The word “mechatronics” came to life in 1969 at Yaskawa Electric Corp., a Japan-based manufacturer of a broad range of products for motion control, robotics and systems engineering. Yaskawa applied for a registered trademark for the term in 1970, then in 1987 relinquished the trademark, freeing it to become an industry-wide term. Mechatronics is an engineering design concept or domain—some describe it as a culture—that merges all of the engineering involved in “mechanics” (or mechanisms) with the engineering in “electronics.” It is machines + controls. It delves into all the overlaps among machines, computers, controls and electronics.
Actually, as it turns out, almost anything could be simpler. The disciplines that go into mechatronics are rife with interactions and complexities. On top of this, new strategies, materials and technologies continue to bring new concepts and products to each domain, adding to the complexity. And the domains subsumed by mechatronics are many. In addition to mechanics, machine design and electronics (and their contributory science and engineering, such as thermodynamics, statics and dynamics, and solid-state circuitry), an integrated mechatronics approach can require contributions from any or all of:
- Control theory
- Computer science, including programming
- Digital signal processing (DSP) and communications
- Engineering analysis
- And, of course, mathematics, specifically mathematical modeling.
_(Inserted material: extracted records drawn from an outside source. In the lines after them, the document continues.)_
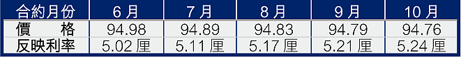 以昨天為例,6月份期貨曾見94.98。若要推算為利率,只需以100減去合約價格,可得5.02厘的數值。若根據附表數字,昨天期貨市場並沒有預期聯儲局6月會再次調加利率。但從較遠期的10月份合約價格報94.76,顯示市場仍相信美國進入今年第4季後息率可能升至5.25厘水平。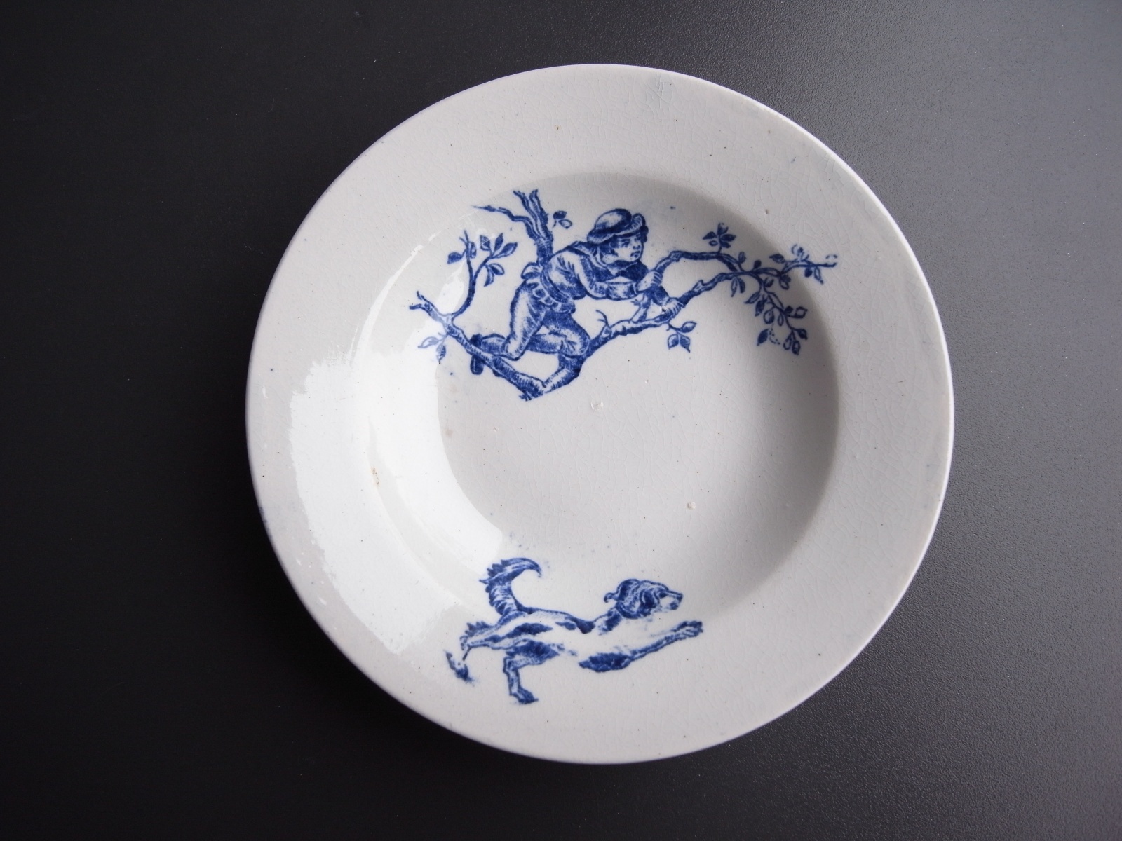 かくれんぼ?狩り? おままごとのお皿 フランスアンティーク かくれんぼ?狩り? おままごとのお皿 フランスアンティーク 販売価格: 3,300円(税込) 在庫数 1点 数量: 1 お問い合わせ 木の上に帽子を被った少年、その下を駆ける犬。 かくれんぼかしら? それとも狩り(けど何も持っていない)?? 白磁にブルーの絵柄が可愛らしい、おままごとのお皿です。 元気に躍動する犬がお気に入り。かわいいです。^^ おままごとにしては少し大きめ、深さもありますので 使い勝手が良さそうです。 カンニュウがありますが、つかかやで美品。 裏側にインク飛びがみられます。 ヒビ、カケございません。 直径 14.7センチ 高さ 2.3センチ 他の写真 中央、右側のお品物です 大きさの比較です 関連商品 Bjørn Wiinbladデザインのお皿 デンマーク 3,300円(税込) 在庫数 1点 キリリとしたピューターの花リム皿 フランスアンティーク 14,000円(税込) 在庫数 1点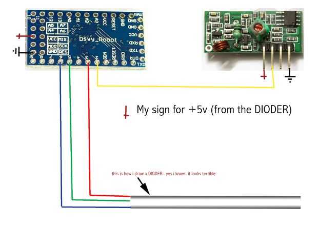 Primero de soldadura todo un ingenio de alambre una longitud de 17,3 cm al receptor 433 Mhz si no vas a conseguir algunos resultados extraños, este funciones de cable de antena con la longitud de 1/4 onda.
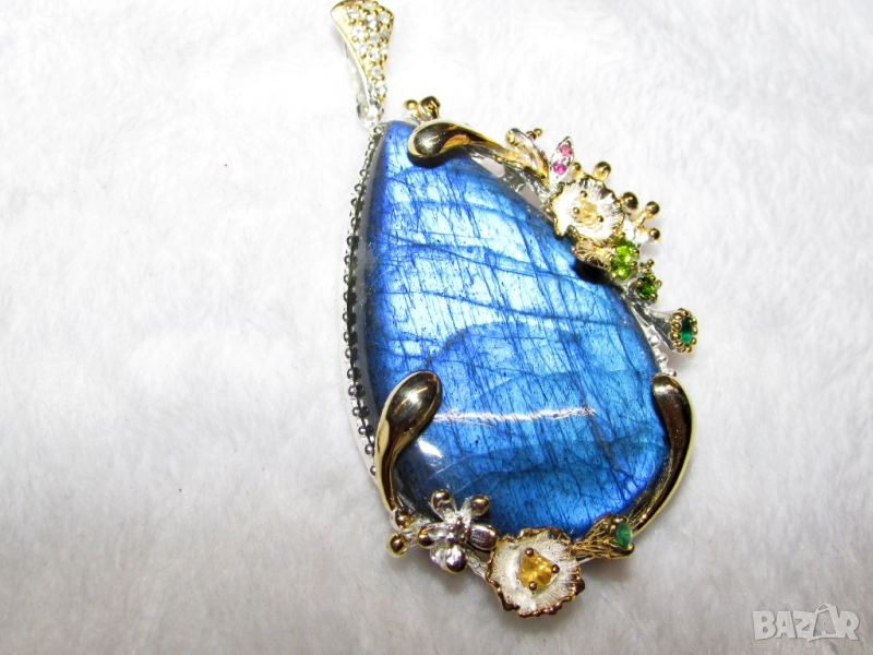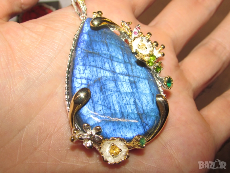 72x37x12, тегло на колието 32.9гр. Златно покритие. Другите камъни са оникс, цитрин и хром диопсид.Лабрадоритът е талисман на магове и шамани.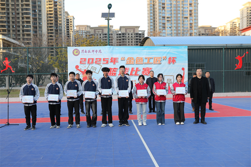 11月27日下午,渭南技師學(xué)院2025年“金色工匠杯”籃球賽閉幕式在學(xué)院籃球場舉行。黨委副書記、院長張君升,黨委委員、總會計師邢毅出席閉幕式。閉幕式由學(xué)工黨支部書記、學(xué)生處處長李峰主持。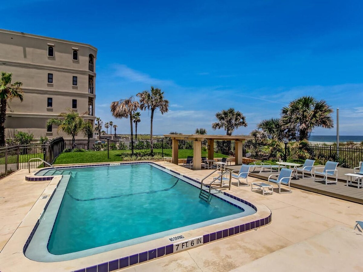 Che tu voglia goderti la tranquillità di una spiaggia privata o la vivace ristorazione e l'intrattenimento della vita notturna di Jax Beach, questo appartamento sull'oceano è la meta ideale per te. L'oceano è a pochi passi attraverso la sabbia e può essere ammirato dal balcone privato. Rilassati in piscina o nel famoso Oceanfront Park, situato accanto, che offre un campo da pallavolo completo. Situato a dieci minuti dalla Mayo Clinic e a pochi passi da numerosi bar e ristoranti locali.
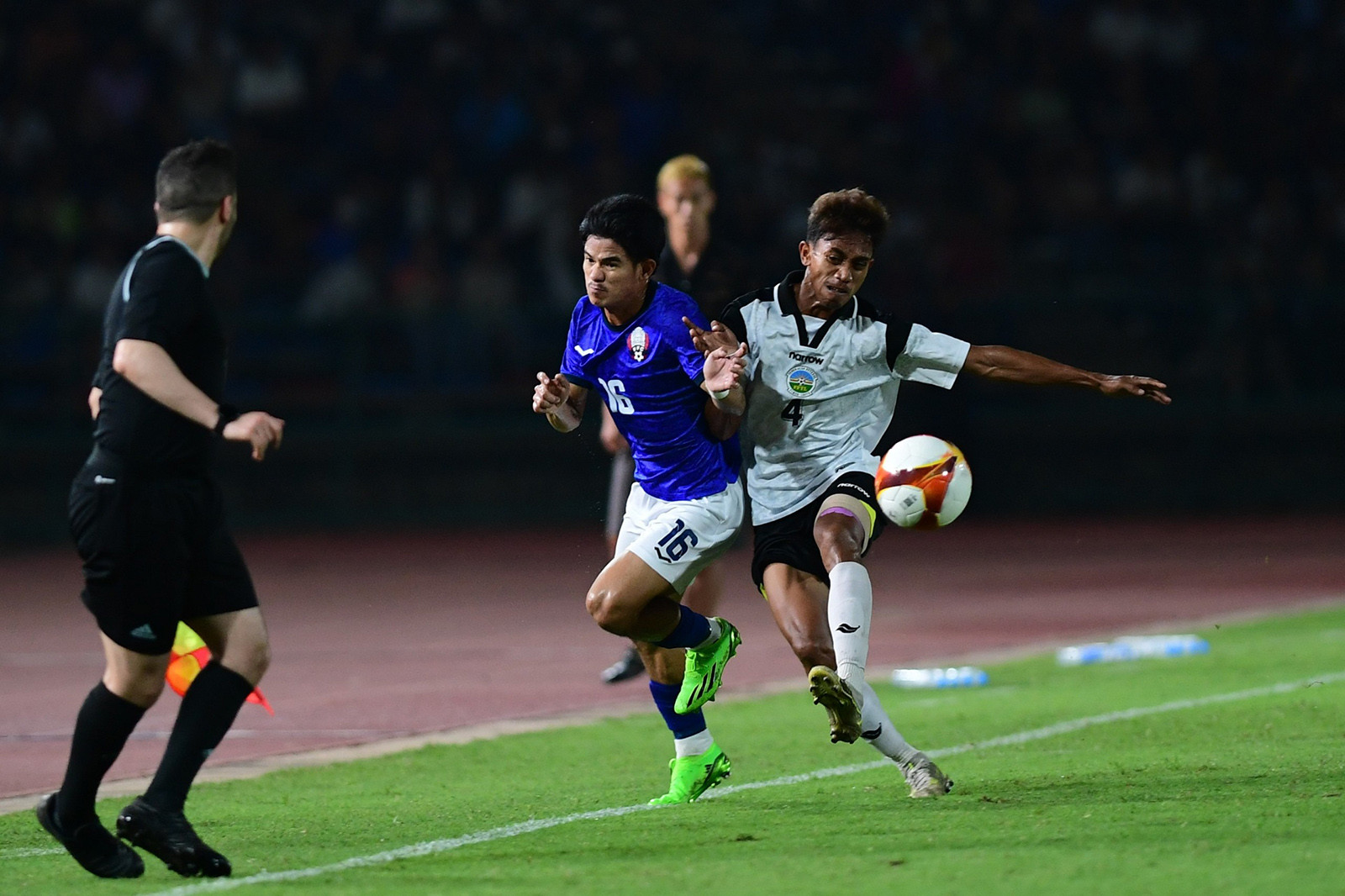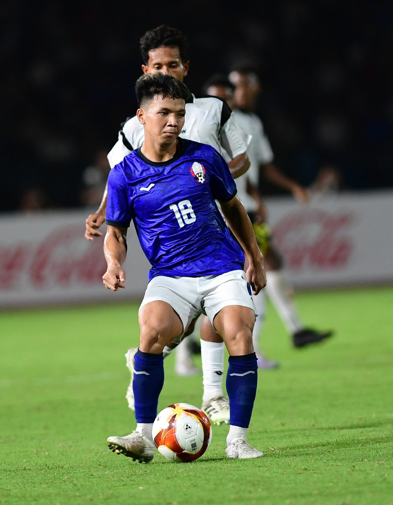 Chanthea có màn đột phá trung lộ rất kỹ thuật, nhưng đồng đội Lim Pisoth thực hiện cú sút chân phải đi trúng cầu thủ Timor Leste.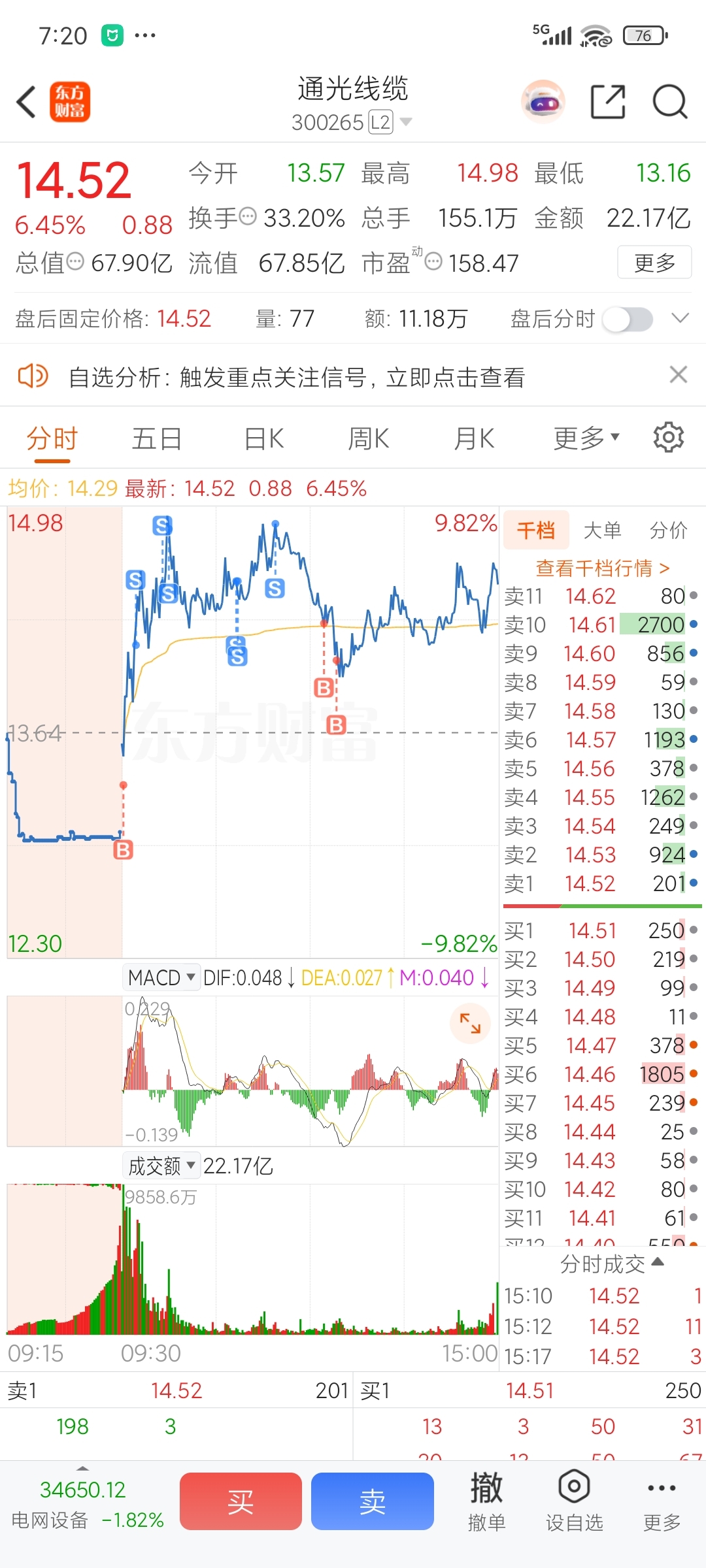 $通光线缆(SZ300265)$ 明天低开的话继续做t,高开就继续格局

Mechatronics can be conceptual, a star to steer by or a body of actions that produce an overlay on an existing roadmap. That is, it can be applied at any point in the design process, from conceptualization to design review stages occurring late in development—even to the point of retrofitting to existing machinery and mechanical systems. True mechatronics practitioners, however, are quick to point out that only by beginning with an integrated approach can all benefits be realized.
Advantages go to machine function—and the bottom line. The potential benefits of using integrated mechatronics design include optimization plus optimized energy consumption and deeper exploitation of component capabilities—in other words, more avenues for milking every possible attribute of materials, motors, machines and controls. In addition, such designs tend to have fewer performance tradeoffs in cost engineering—in other words, the mechatronics approach allows more possibilities for acceptable or even increased functionality, accuracy and/or reliability at lower cost.
“Ultimately, the benefits go right to the bottom line,” says mechatronics evangelist Kevin Craig, professor, Mechanical Engineering, at Marquette University, in Milwaukee. “Take Procter & Gamble. Here is one group that has a deep realization of the strengths in mechatronics. Engineers there concentrate on production cost savings that are possible by building highly-tuned, proprietary production equipment. The company is realizing millions of dollars in savings—and is capable of building new, desirable features into products—because its engineering group can design to specific capabilities and efficiencies, and solve problems before machines are actually built.”
The trends are in favor of integrated, collaborative mechatronics approaches. First, engineering continues to advance, and almost any engineering advance can be seen as contributing to the growing need to adopt mechatronics. For example, centuries of knowledge and measurements in metals have been joined by decades of knowledge about newer engineered materials and composites. Newer materials usually can be cheaper, if for no other reason than they can be produced at net or near-net shape, eliminating manufacturing operations. But every material offers both strengths and tradeoffs, and a mechatronics approach helps maximize the positives and better accommodate differing stiffness factors or differing elasticity.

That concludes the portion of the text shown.